Describe The Study Group. The bar review business, which is what I’m in, puts together and delivers study courses tp people taking the bar exams, to become lawyers. From 1985-1995, I did that for another company based in Boston. They sold out in 1995, and I started the Study Group which I started mainly because I thought that most of the bar reviews that existed at that time did not do a good job of catering to students who had families or were working and couldn’t go to regular study classes. So we began with the concept of delivering audiotape lectures and books and schedules to students so they could do them at their own time and pace. The demand was good; we’ve grown so now that we don’t deliver on audiocassette anymore, we deliver on CDs and iPods.

How did you get into music? It’s always been there. I played in orchestra and jazz band in high school, orchestra and jazz band in college, in fact the college choice was between going to James Madison and majoring in music or going to UVA and majoring in history. At that point I went to UVA to be safe but it’s always been there. I think when I started turning 40 or 45 I said, "You know, if I don’t start listening to this little bug I’ve got and doing something about it, I’ll be 70 or 80 years old and really regret it." I started playing again a little bit about eight or 10 years ago, and about two or three years ago I got more serious about it. Fortunately, business was good enough that I could back off — I’ve got other people to do a lot of the day-to-day management for me now — and so I’ve started taking music lessons, starting my own band and ultimately re-enrolling in the University of Maryland jazz studies program.

Favorite place to hang out in the community: Huntsman Square Shopping Center. They have a Starbucks, that’s where I get my business mail, there’s a bank, a Giant. It’s a nice Starbucks, with outside tables and everything. Either that or my deck, throwing a tennis ball for my dog.

How did the Potomac Jazz Project get started? It got started when I got tired of playing in my basement. I decided I had the time and energy and experience at that point, having played around a little bit, to start something I thought would also fill a need in the area. The more I got to know the music in the D.C. area, the more I realized there was a market for a good jazz group for clubs, corporate functions and weddings. There are several good jazz groups here, but they tend to be either club-only or tend to be variety bands for weddings. I thought, "Let’s just focus on jazz."
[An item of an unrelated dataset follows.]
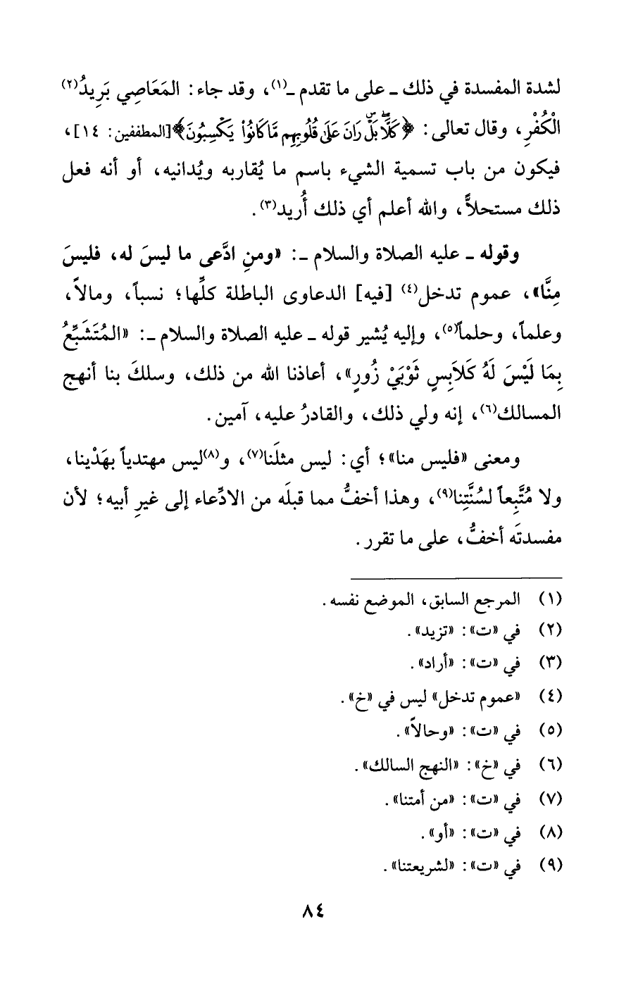 وقوله -عليه الصلاة والسلام-: "ومنِ ادَّعى ما ليسَ له، فليسَ مِنَّا"، عموم تدخل (¬4) [فيه] الدعاوى الباطلة كلِّها؛ نسبًا، ومالًا، وعلمًا، وحلمًا (¬5)، وإليه يُشير قوله -عليه الصلاة والسلام-: "المُتَشَبِّعُ بِمَا لَيْسَ لَهُ كَلَابِسٍ ثَوْبَيْ زُورٍ"، أعاذنا اللَّه من ذلك، وسلكَ بنا أنهج المسالك (¬6)، إنه ولي ذلك، والقادرُ عليه، آمين.

Community concerns: I wish people would slow down on the roads. I just read yesterday that we’re like the fifth worst in the country for road rage. I’m biased, because I don’t have to face the traffic like a lot of people because I do work out of the home, but when I go out at rush hour I think, "More people should work at home."

Memorable experience playing with the band: We did a wedding a couple weeks ago at the Strathmore Music Center up in Maryland. It was a small wedding, probably about 60-70 people at the wedding, but by the time the last set came it was so much fun and they were dancing. For a jazz band, we were really rocking out, playing more jazz-rock songs like "Chameleon" … we try to bring fun to it; as one of my teachers at University of Maryland says, "If it’s not fun, why are we doing it?"

Musical influences: Dizzy Gillespie, Charlie Parker, Miles Davis. Those are probably three of the biggest … really classic, straight-ahead jazz from the ‘50s and ‘60s.

When you were younger, what did you want to be when you "grew up?" Most of the time I wanted to be a musician.

What’s on your car radio? Sirius satellite radio channel 72, the classic jazz station.

How does music resonate with you? To me, it is a way out of the black-and-white of every day, and a way to explore and be artistic — for someone who can’t dance or draw. That’s what I like about jazz. In jazz music, there is the framework of the song, but within the framework there’s a lot of freedom and communication between the musicians about what to actually do with it this time. You can hear us play one song one night and the same song a week later, and you know it’s the same song, but it will be different.

Personal goals: I’d like to win a WAMMIE. That would be nice. And play at Blues Alley.